Loïc Hoguin - @lhoguin
Erlang Cowboy and Nine Nines Founder
OTP
OTP?
- Erlang is concurrent
- Erlang is fault tolerant
- Erlang is transparently distributed
- Erlang provides hot upgrades
You need OTP.
- Because Francesco says so.
OTP gives you...
- Architecture patterns
- Middlewares
- Libraries
- Tools
OTP is built on top of Erlang
- You could use Erlang without OTP
- But you would have to reimplement most of it
- OTP comes with the Erlang distribution
- OTP is closely tied to the Erlang VM
VM boot sequence
- Load a few very important modules
- Load the modules for kernel and stdlib
- Start the heart process
- Start the error_logger process
- Start the application_controller process
- Load and start OTP applications
Two types of applications
- OTP library applications
- OTP applications
OTP library applications
- Set of modules
- No process can ever belong to this application
OTP applications
- Set of modules
- Set of processes running in the application's supervision tree
- Implements the application behaviour
- Has one top-level supervisor and possibly more child supervisors
Application behaviour
- Middleware for starting and stopping applications
- Pretty much just starts the top-level supervisor
Supervisor behaviour
- Middleware for starting and supervising processes
- Restarts processes automatically
- Also keeps track of processes for code upgrades
- Key component of Erlang's fault tolerance claims
Great, but my application does nothing!
- There's more behaviours for that!
Generic server behaviour
- Erlang processes are isolated
- Communication occurs through a user-defined client-server protocol
- gen_server implements all the client-server communication logic
- gen_server also implements the server's receive loop
- gen_server provides a callback for updating the state data during code upgrades
- Experienced developers use gen_server 90% of the time
Other behaviours
- gen_fsm is a generic finite state machine
- gen_event is a generic event handler
- They are more specialized but just as useful as gen_server
Great, I'll use behaviours then!
- You should!
- People expect you to respect OTP principles by using behaviours
- But...
- They're no silver bullet
Sometimes a supervisor isn't enough
- Common case is having a supervisor + another process that monitors the same processes to maintain some kind of state
- The supervisor already keeps track of processes, why duplicate the work?
Sometimes a gen_server is too much
- Common case is needing LOLSPEED for a crucial part of the program
- Sometimes the convenience of gen_server gives too much overhead
Time to follow Joe Armstrong's advice
- Condensed quote
- "When the abstraction is inappropriate, you should ditch the gen_server and roll your own."
- And when you do, you should roll special processes
Special processes
Special processes?
- They are implemented using sys and proc_lib
- They comply to the OTP design principles
- They are familiar
- Other behaviours are implemented the same
proc_lib
- Ensures new processes are started properly (init_ack)

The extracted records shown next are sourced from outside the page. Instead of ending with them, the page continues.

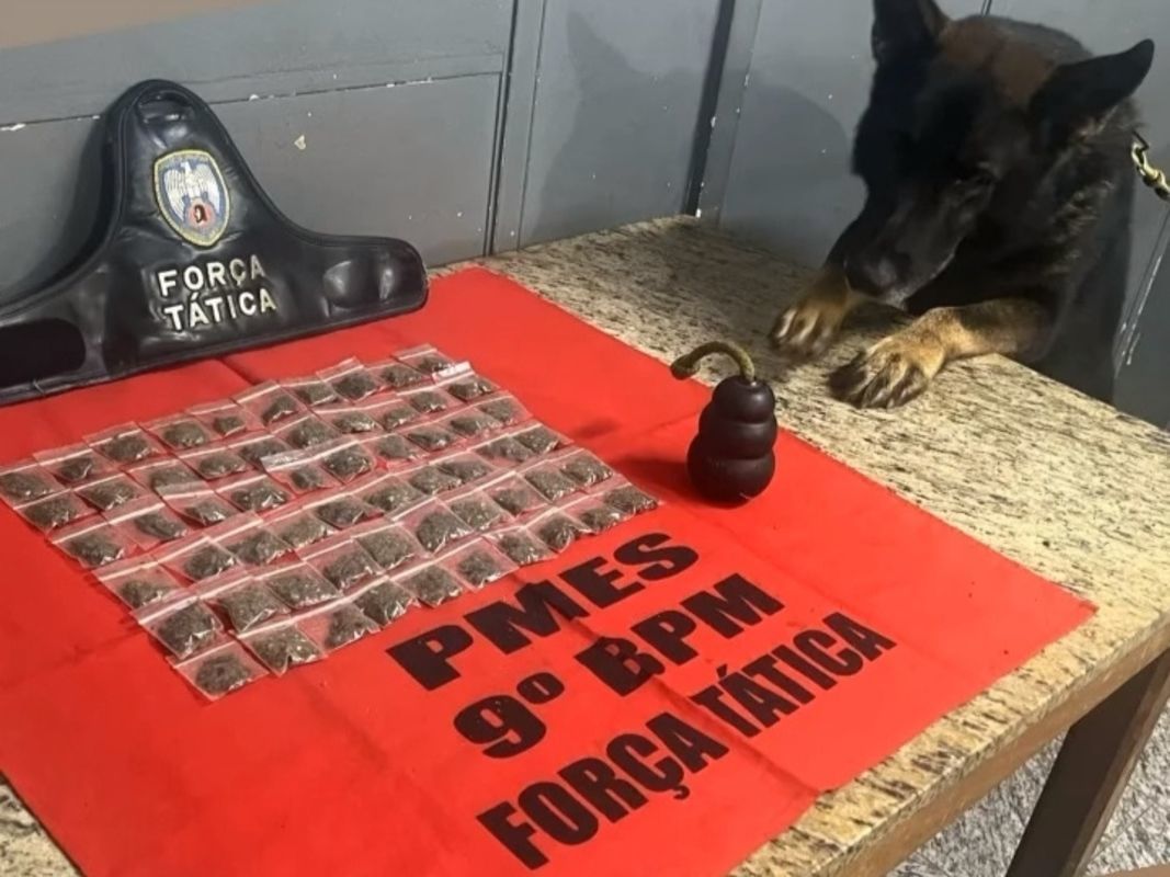 Neste sábado (20), a Polícia Militar realizou mais uma apreensão de drogas em Cachoeiro de Itapemirim com o empenho do cão farejador Messi. Desta vez, 60 buchas de maconha foram localizadas no bairro Nossa Senhora Aparecida.
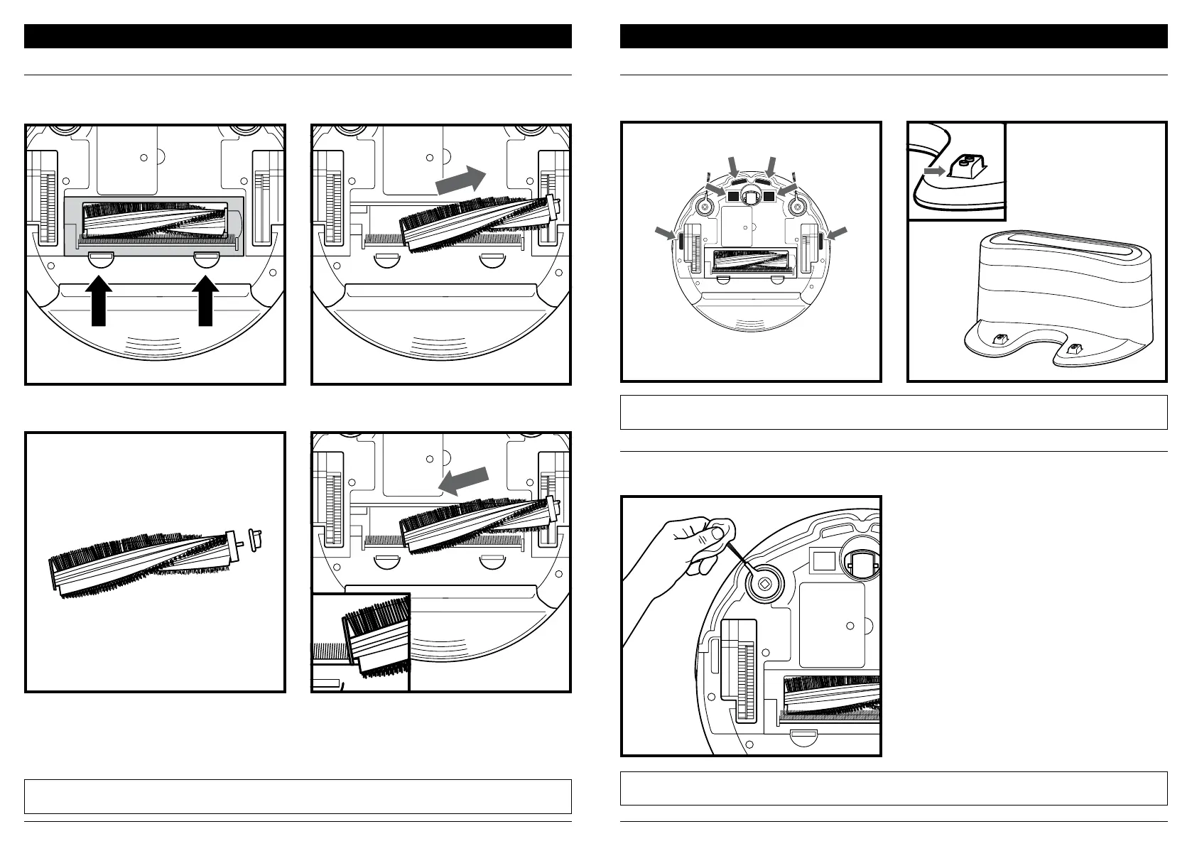 brosse de nettoyage, essuyez doucement les capteurs et les tampons situés sur la partie inférieure du robot.
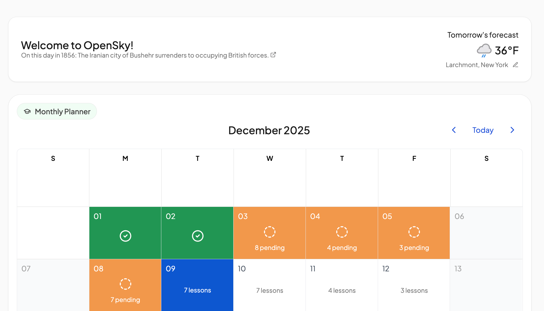 You're Always PlanningHomeschool parents think three steps ahead. Weather on your dashboard means smarter daily planning: schedule outdoor science when it's sunny, save cozy read-alouds for rainy afternoons. You're already planning lessons, meals, and activities—might as well plan around the weather too. One less thing to juggle.
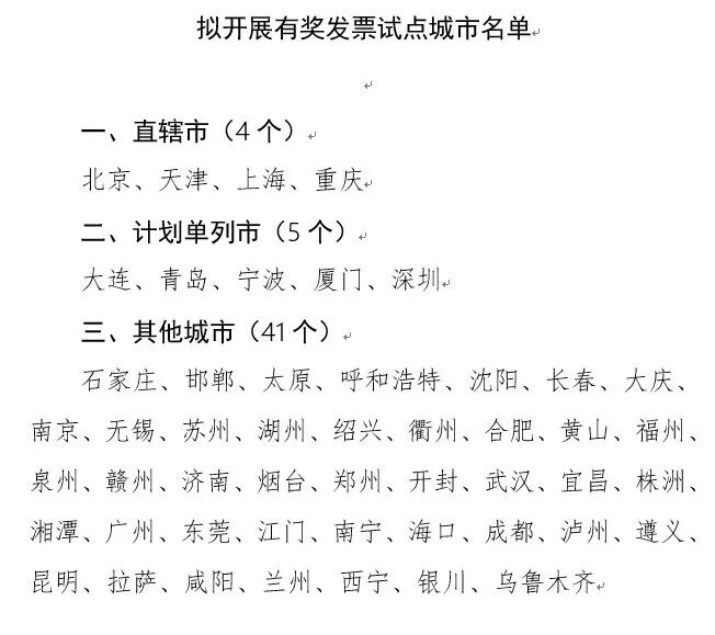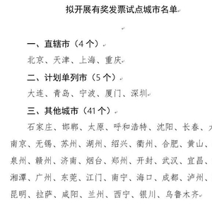 据第一财经,尽管最终上述50个城市具体有奖发票细则还有待后续公开,但根据财政部等三部门此前发布的《关于开展有奖发票试点工作的通知》(下称《通知》),这50个城市的有奖发票基本规则比较清晰。
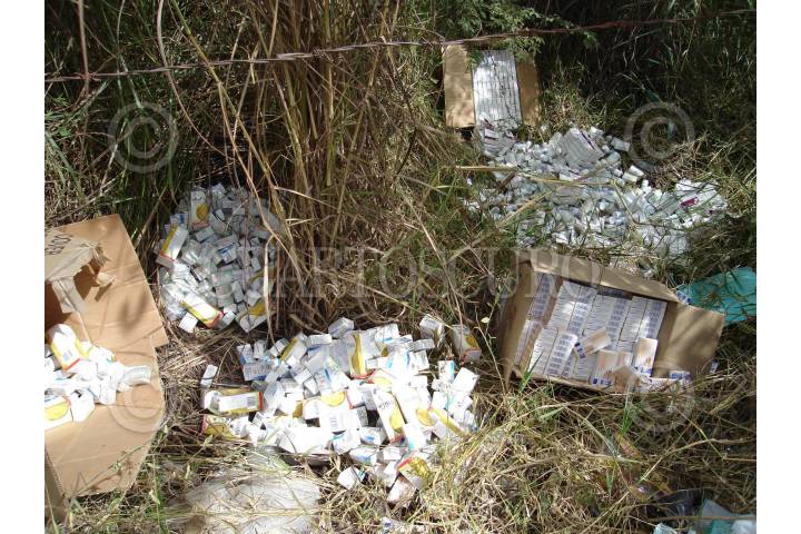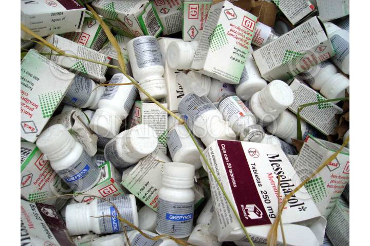 CHILPANCINGO, GUERRERO., 27NOVIEMBRE2007.- Aspecto de los medicamentos como bencilpenicilina, metronidazol, butilhiosina e ibuprofeno, utilizados en los centros de salud, los cuales ya caducados fueron tirados de manera inconsciente en un terreno baldio ubicado sobre la avenida Andres Figueroa la cual comunica a las colonias Guerrero 200 y 20 de Noviembre en la capital del estado. FOTO: OSCAR ALVARADO/CUARTOSCURO.COM

- Identifies the current process (initial call)
- Identifies the process' parent and ancestors
- Prints a crash log on failure if SASL is available
sys
- Debug and trace special processes
- Access and modify special processes state
- Suspend and resume special processes
- Safe hot code upgrade (code_change)
Using special processes
- Start your process with proc_lib:start_link/3
- Call proc_lib:init_ack/1 from the newly started process
- Write a receive loop
- Die if the parent process dies
- Handle system messages
- Implement system_continue/3, system_terminate/4 and system_code_change/4
Not quite a gen_server yet
- Our process fits OTP Design Principles
- Our process can receive and send messages
- Some processes need synchronized calls
Anatomy of a call
I know that!
- Right, that's usually explained when you learn Erlang
- Forget everything you learnt
- Let's look at OTP directly
General steps
- Find the Pid (if named locally, globally, is remote...)
- Try monitoring the process
- If monitor returns, continue to next slide
- Otherwise we have a C/Java node that might not support monitors
- Monitor the node instead and hope for the best
General steps, after monitor
- Send the message, noconnect (monitor did), catch exceptions (remote pid or port process)

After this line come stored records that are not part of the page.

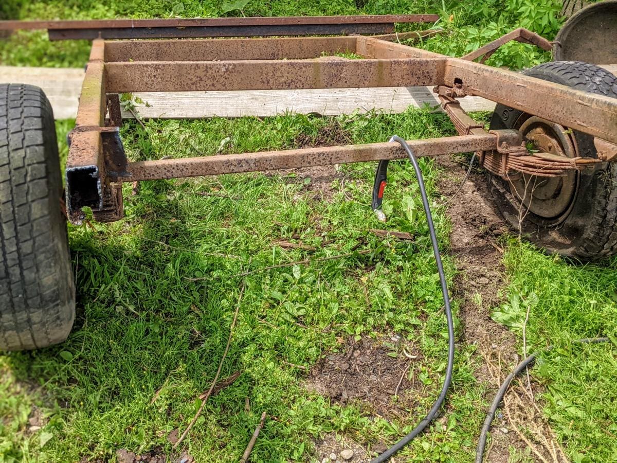 As with many projects here, I start in the junkyard. I needed a stout trailer axle and my neighbor let me drag an old wreck out of the weeds. The donor trailer fell apart as it limped home behind the tractor, with the wheels seized and one tire blown out. But it had a heavy duty drop axle, just the right size for my project. With a lot of torching, cutting, sledge-hammering, and a little finesse, I had my axle.
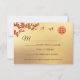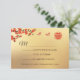 Red cherry blossoms on a gold background and a red double happiness symbol. RSVP Chinese Wedding Card.
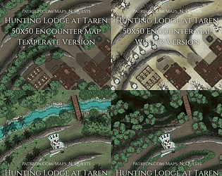 20 VTT ready battlemaps featuring cabins, camps, and ruins. All maps include Day and Night versions.
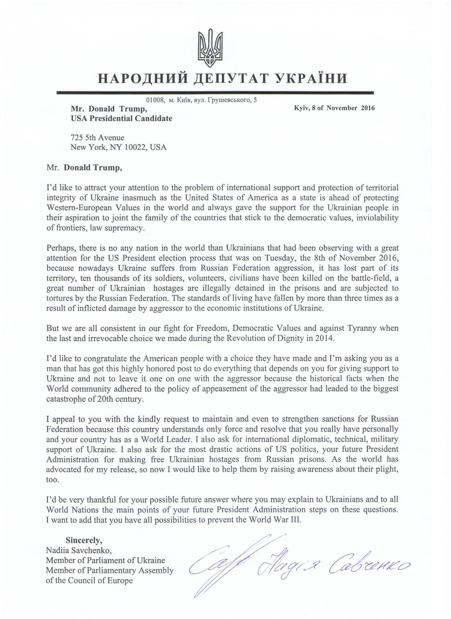 Савченко написала письмо Трампу о санкциях против РоссииЦитата: Депутат Верховной рады Надежда Савченко написала открытое письмо избранному президенту США Дональду Трампу. Копию документа она разместила на своей странице в "Фейсбуке". https://life.ru/t/%D0%BD%D0%BE%D0%B2%D0 ... tiv_rossii
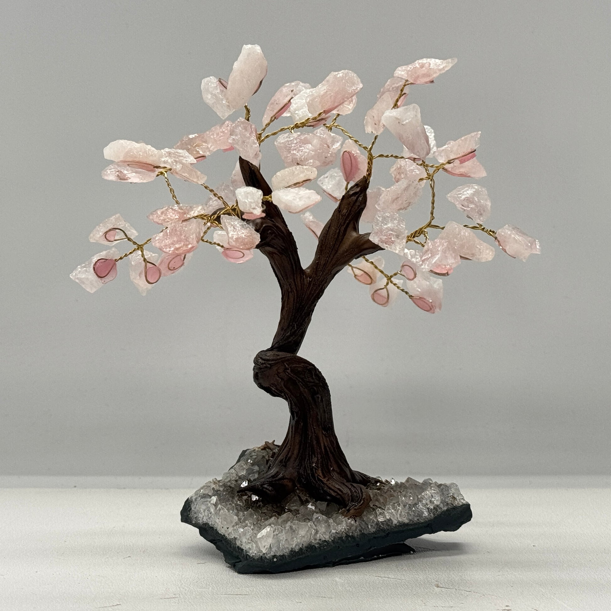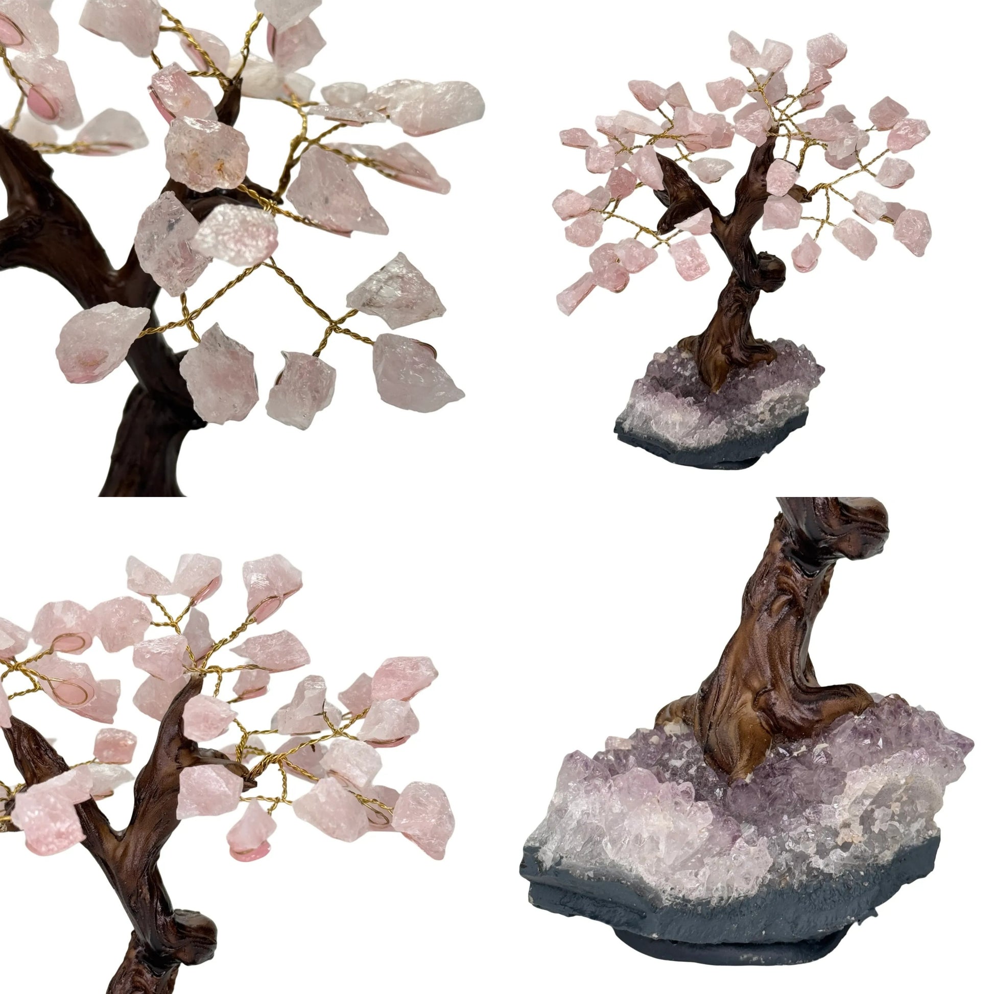Een sfeervol en uniek edelstenen boompje, met ruwe stukjes rozenkwarts als bladeren. De boom staat op een prachtige amethist basis, waardoor de warme roze tinten van de rozenkwarts nog mooier uitkomen.

- Receive either a reply, a node down, a process down or timeout
- Down? Exit with appropriate reason
- Timeout? Demonitor and exit(timeout)
- Reply? Demonitor and return {ok, Reply}
Do I need all this?
- No!
- Can't be a registered name? Skip the resolve part!

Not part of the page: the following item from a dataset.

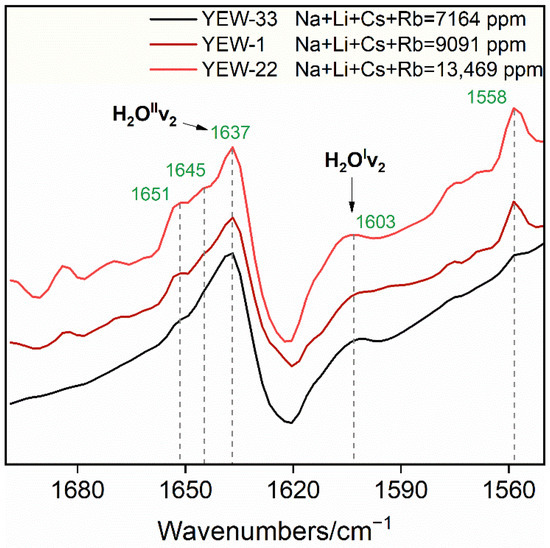 As shown in Figure 5, IR bands at 1603 and 1637 cm−1 can be ascribed to H2OIν2 and H2OIIν2, respectively. Besides, the 1558 cm−1 and 1651 cm−1 bands commonly appear in all Dayakou samples, while the 1645 cm−1 band is more obvious in samples with high alkali content. These bands were referred to as the ν2-related modes of type I water [25].

- Can't be a C/Java node? Cut that part
- Can't be a remote pid or a port? No exceptions will occur, nothing to catch
- Supervisor strategy restarts calling process if server process crashes? No need for monitor nor timeout
Make your own call
- Pick and choose what you need
- Discard the rest
- Get more performance for your bucks
- Remember, only do this if you really need it!
Case study: custom supervisor
Ranch connections supervisor
- Closely tied to acceptors
- When this process dies, acceptors die
- Acceptor creates connection processes with this supervisor
- Must limit the connections accept rate
Two processes
- Supervisor process links all connection processes
- Extra process used for rate limiting
- Extra process monitors all connection processes
- Two processes doing the same thing, waste of resources
One custom supervisor
- Supervisor process links all connection processes
- Supervisor process used for rate limiting
More savings
- start_protocol call is always local
- start_protocol call doesn't need a monitor or timeout
Is that really safe?
- Yes
- We don't have to make any assumptions
- We KNOW what to expect
Even more savings
- Acceptors don't need to pass around all parameters
- Supervisor can keep them and use them when needed
- Supervisor can send {shoot, Ref} itself directly
Supervisor savings
- We only need to handle which_children and count_children
- No need for child specs
- No need for strategies, they're all temporary!
- Only need to keep the Pid around
With all these savings we must be rich!
- Benchmarking shows Cowboy able to handle +10% requests/s
- Also shows latency reduced by 20%
- We also recover much better when it all goes to hell (too many connections or too many processes dying)
Conclusion
Keep it smart
- Start with gen_server and supervisor
- See if they're good enough
- Go custom otherwise
- (Make it work, make it pretty, make it fast)
Questions